Momentum in the Irish economy builds

Businesses and households are more upbeat with the loosening of restrictions on social interaction and inter-country travel, the latest Bank of Ireland Economic Pulse reveals.

Firms in various business sectors are reporting that their order books are improving and households are more upbeat about the Irish economy and prospects for jobs.

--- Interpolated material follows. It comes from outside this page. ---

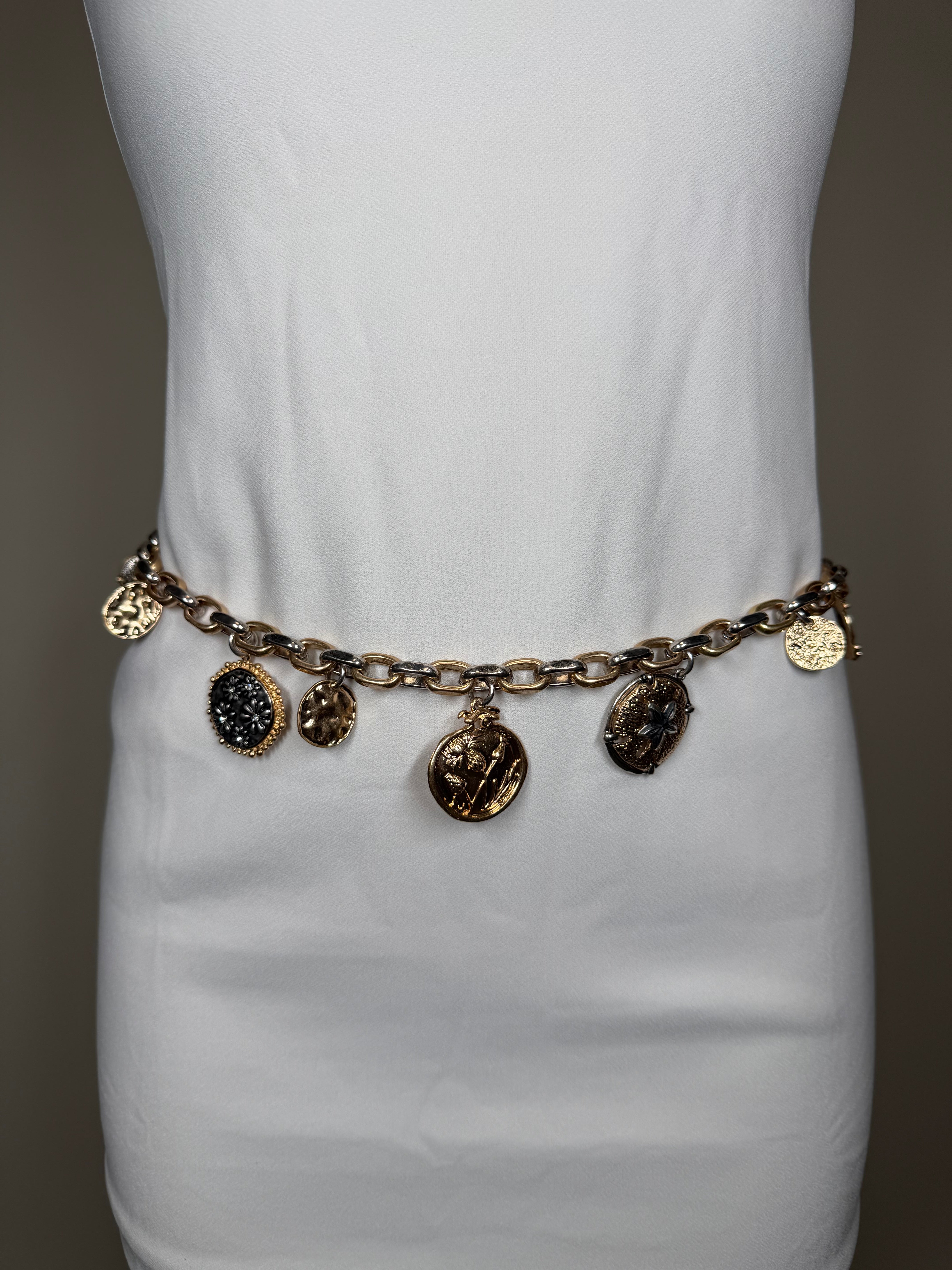 Add a radiant Western or casual flair to your wardrobe with the Tati Belt. This statement piece features alternating medallion with horse and flower with intricate engraved detailing, all in a polished silver finish that catches the light beautifully. Perfect for pairing with dresses, denim, or layered over blazers.
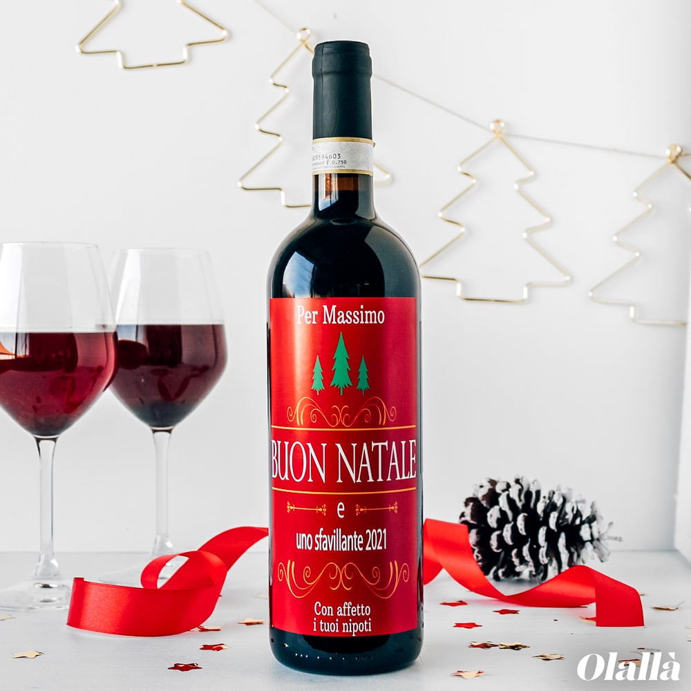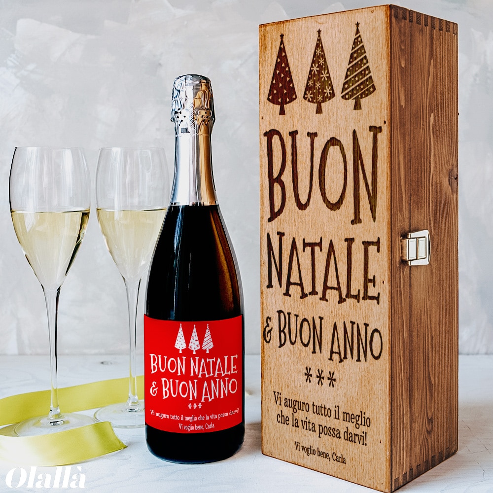 Simpatica bottiglia di vino o spumante natalizia personalizzata con gli auguri di Buon Natale e Buon Anno e la tua dedica con decoro di alberelli di Natale. Questa bottiglia personalizzata sarà una splendida idea per rendere indimenticabile il bellissimo giorno del Natale.

The latest Bank of Ireland Economic Pulse came in at in 89.5 in May 2021. The index, which combines the results of the Consumer and Business Pulses, was 4.1 higher than last month and up 45.6 on a year ago.

“All of this has led us to revise up our Irish GDP growth forecast for 2021 to 5.8pc, from 5pc in February”

With a further loosening of restrictions on social interactions, the resumption of inter-county travel, some sectors emerging from lockdown – the remainder of construction, personal services and non-essential retail (by appointment) returned during the May survey period – and others getting ready for lift-off, the consumer and business mood brightened this month. The increase in opportunities to spend lifted household buying sentiment, while firms saw their order books improve.

Positive indicators

“The May Pulse results show that momentum in the Irish economy is building,” said Bank of Ireland Group chief economist Dr Loretta O’Sullivan. “The headline Economic index is now back above its pre-pandemic level, which bodes well for a pick-up in spending as public health restrictions are lifted.

“A number of other factors will also help put the economy on a surer footing over the coming months, including some unwinding of the involuntary savings households built up during the crisis and the return to growth in the global economy.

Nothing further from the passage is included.